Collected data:
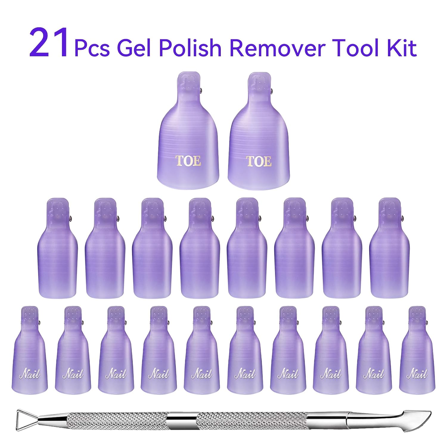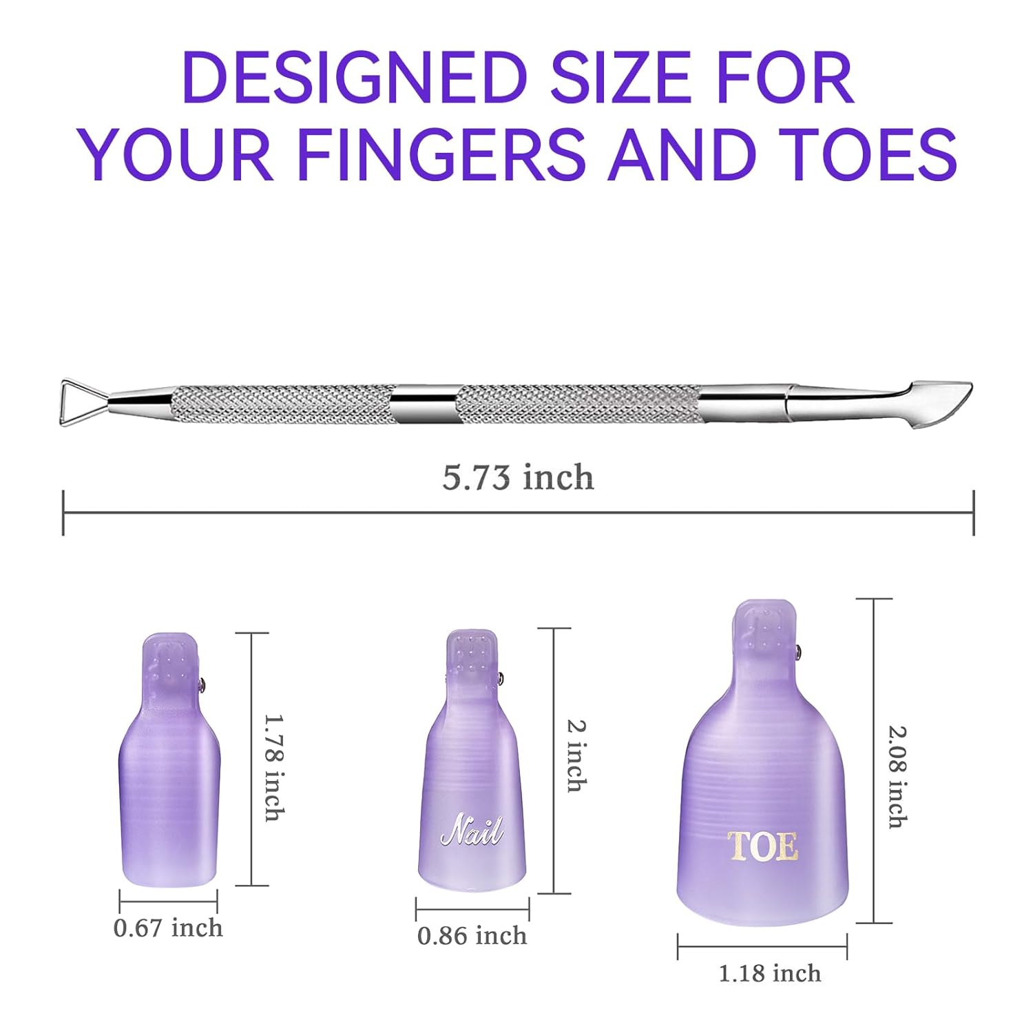 • 【All-in-One Nail Gel Remover Kit】This complete kit includes 10 soak-off clips for fingers, 10 for toes, and 1 double-ended nail pusher—everything you need for quick and efficient gel polish removal at home or in professional salons.
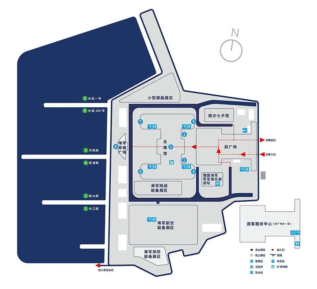 溫馨提示:海軍博物館全面保障軍人合法權益,現役軍人、退役軍人、軍隊文職人員、武警、消防救援人員、軍屬(現役軍人父母、配偶、子女)及遺屬,可持本人相關身份有效證件現場到“對軍票務服務窗口”兌換當日門票,同時依法優先,可從綠色通道快速入館。
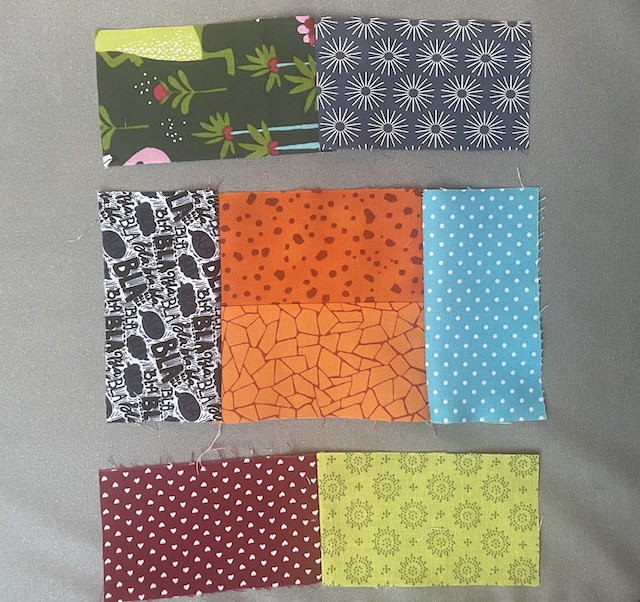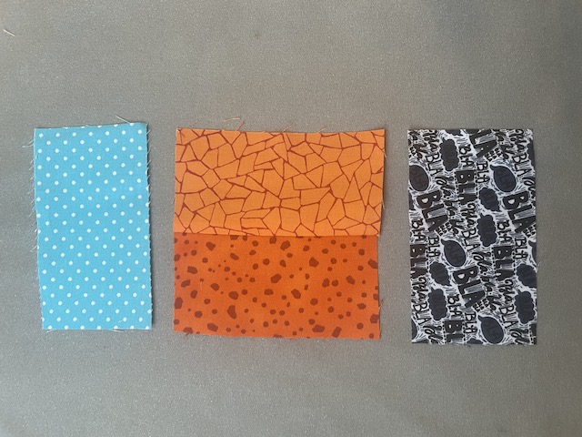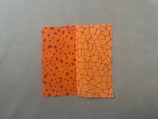 Jeg har 4 forskellige orange patchworkstoffer i hele tæppet, men alle er blandet imod hinanden.
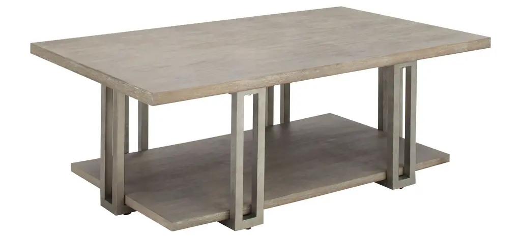 Talk about style! The Tiernan cocktail table adds a splash of contemporary elegance to any living space. Wood and metal textures worked into a geometric design create stunning visual interest.
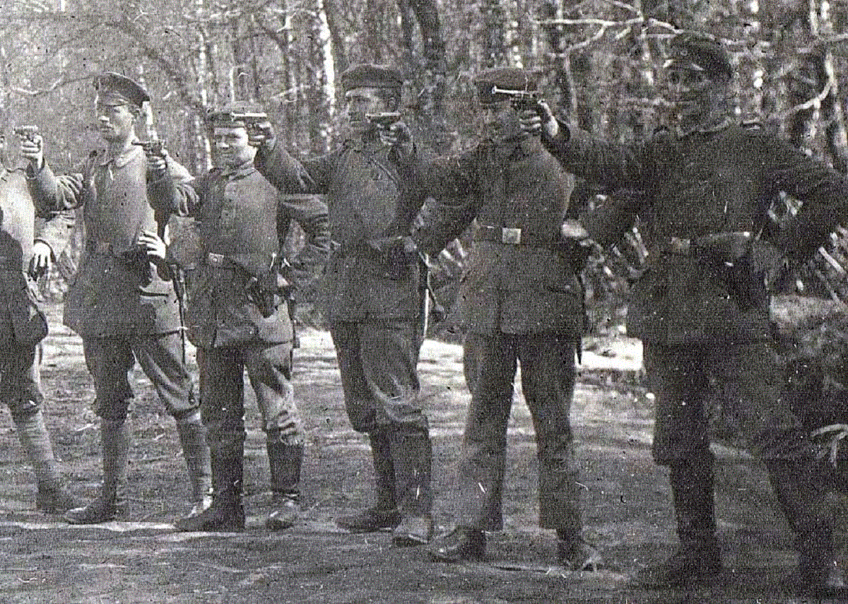 Y también correctas estas pacopi, Mauser 1914 y Parabellum P.08 en manos de soldados alemanes durante la 1ªGM.

Work item :: Look above for the line containing "溫馨提示:海軍博物館全面保障"; output that line and all lines after it through the last one exactly, without the pictures.

Response to this exercise ::
 溫馨提示:海軍博物館全面保障軍人合法權益,現役軍人、退役軍人、軍隊文職人員、武警、消防救援人員、軍屬(現役軍人父母、配偶、子女)及遺屬,可持本人相關身份有效證件現場到“對軍票務服務窗口”兌換當日門票,同時依法優先,可從綠色通道快速入館。
 Jeg har 4 forskellige orange patchworkstoffer i hele tæppet, men alle er blandet imod hinanden.
 Talk about style! The Tiernan cocktail table adds a splash of contemporary elegance to any living space. Wood and metal textures worked into a geometric design create stunning visual interest.
 Y también correctas estas pacopi, Mauser 1914 y Parabellum P.08 en manos de soldados alemanes durante la 1ªGM.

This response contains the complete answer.